In our study, we analyzed possible associations between tumor size and clinico biological factors commonly used in daily clinical practice in patients with breast IDCs without axillary lymph node involvement, that is focusing exclusively on the size. Following analysis of 30cases, a statistically significant association was found between tumor size and age over 50years, advanced histological grade, high cell proliferation and immunohistochemical expression of p53.
Tumor size is a classical parameter of tumor biology and is directly related to a greater chance for regional axillary involvement, a greater number of invaded nodes and greater possibility of recurrence and death. Its prognostic value can be seen in cases with and without axillary lymph node involvement, being very important in the absence of regional spread because it may help identify patients with high or low risk of recurrence.11
In our study, there is a very strong evidence that the mean tumor size was greater in patients ≥ 50 years than the ones who were<50 years of age (t= 5, P<0.001).
In a study it was found that women older than 60years had an increased tumor size when were from a hospital breast unit, but not if they were from screening campaigns, which highlights the importance of the patient’s origin and supports the possible cause of greater tumor size being a delayed diagnosis.12
Histological grade is a classic parameter of breast tumor biology and is associated with survival and TNM classification, being of particular relevance in cases without axillary lymph node involvement, which allows patients to be stratified for certain therapies. Larger tumors with histological grade3 is a fact consistent with that described by other authors in their study.13
In our study, there was a highly statistically significant difference between Grade I and Grade III and thereby implying very strong evidence that the mean tumor size was greater in Grade III than Grade I(P=0.01).
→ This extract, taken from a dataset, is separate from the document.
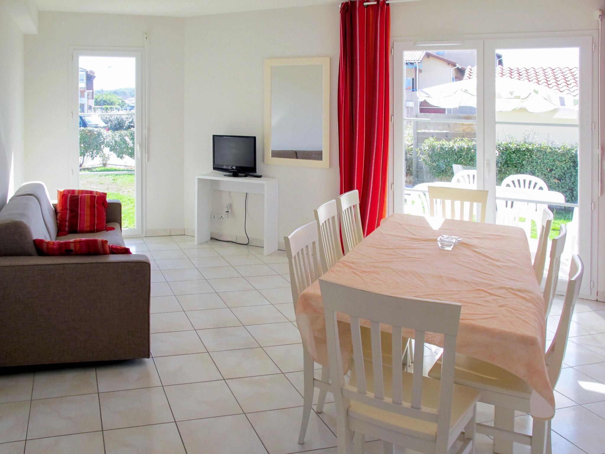 "Résidence Indigo II", 5-room house 90 m2 on 2 levels. Bright, practical and cosy furnishings: living/dining room with dining table and TV (flat screen). Exit to the terrace. 1 room with 1 french bed (140 cm, length 190 cm). Exit to the garden. Kitchenette (dishwasher, 4 ceramic glass hob hotplates, toaster, kettle, microwave, freezer, electric coffee machine). Shower/WC. Upper floor: 1 room with 1 french bed (140 cm, length 190 cm). 1 room with 2 beds (90 cm, length 190 cm). Exit to the balcony. 1 room with 2 beds (90 cm, length 190 cm). Bathroom, sep. WC. Electric heating. Balcony, terrace partly roofed. Terrace furniture. Facilities: washing machine, iron, children's high chair, baby cot (extra). Internet (WiFi, free). Please note: maximum 1 pet/ dog allowed. Smoke alarm.

An association between increased tumor size and immunohistochemical expression of ki-67 and p53. Cell proliferation is a prognostic factor in cases without axillary lymph node involvement and correlates with various biological factors, including p53.14
Silvestrini et al. demonstrated that tumor cell Proliferation is an important predictor of axillary relapse in elderly patients with ER positive breast cancer and could help to identify patients who should undergo axillary surgery.15
In our study, the mean tumor size was greater in patients who had a positive p53 expression than the ones with a negative p53 expression and the difference was statistically significant (t=4.8, P<0.001).
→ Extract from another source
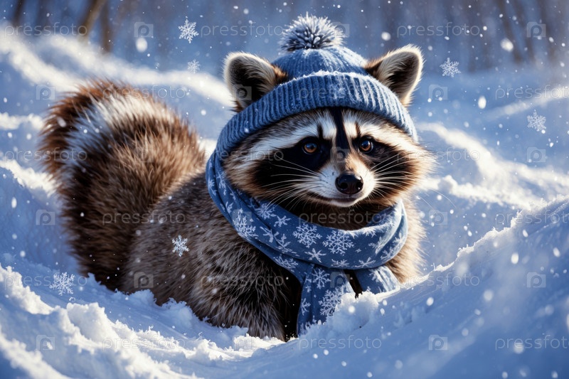 Портрет вязаной зимней шляпы и шарфа, животное в снегопаде зимой

Relationship between tumor size and hormonal receptors were analyzed but there was no significant differences when the expression of ER, PR were considered.
Sharma M et al 16 (2016) observed that to correlate clinicopathological and immunohistochemical profile of BRCA1 positive and non BRCA1 breast cancer patients with ER, PR, BCL2, P53 and Ki-67 to gain more insight into biological characteristics of breast cancer to emphasize the need of genetic testing for BRCA1 in blood relatives of patients with BRCA1 mutation. All cases were subjected to immunohistochemistry for BRCA1, ER, PR, P53, BCL2 and Ki-67 expression. Grade II Tumors constituted the maximum (67%). The most common age group was 41-60 years (62%). BRCA1 positivity was seen in 27/70 cases (38%). BRCA1 positive cases tend to present at higher stage than BRCA1 negative cases showing significantly greater tumor size (p< 0.001) and lymph node involvement (p =0.001).
Mansouri H et al17 (2019) this study associated Ki-67, p53, and BCL-2 markers with clinical histopathological (CH) features using currently available limited data on these markers in Tanzania. Retrospective chart review study was conducted among females with confirmed breast cancer (BC) at Muhimbili National Hospital in Tanzania between 2016 and 2017. Inclusion criteria were met by 76 patients with a mean age of 51.32 ± 14.28 years. Of these, 86.4% were stage III and IV, whereas 83.5% cases had grade 2 and grade 3. Upon immunostaining, 85.5% and 57.9% were Ki-67 and BCL-2 positive respectively.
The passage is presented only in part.